**PROBLEM REQUIREMENTS**
With the pictures excluded, reproduce all of the data exactly.

**STORED DATA**
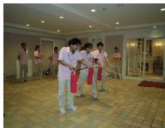
消火器の扱い方の実習
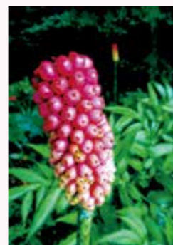
見つけたぞヤマコンニャク

で見ました。びっくりしましたね。地球のどこかががらっぱは生きているのだと実感しました。キュウリを好きだというのは分かりませんが…。 M.Sさん
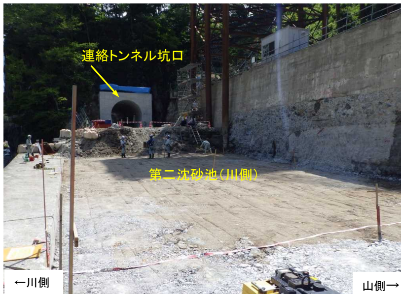
連絡トンネル、第二沈砂池工事 の状況(下流より) (2019.6.25撮影)

**SOLUTION**
消火器の扱い方の実習
見つけたぞヤマコンニャク

で見ました。びっくりしましたね。地球のどこかががらっぱは生きているのだと実感しました。キュウリを好きだというのは分かりませんが…。 M.Sさん
連絡トンネル、第二沈砂池工事 の状況(下流より) (2019.6.25撮影)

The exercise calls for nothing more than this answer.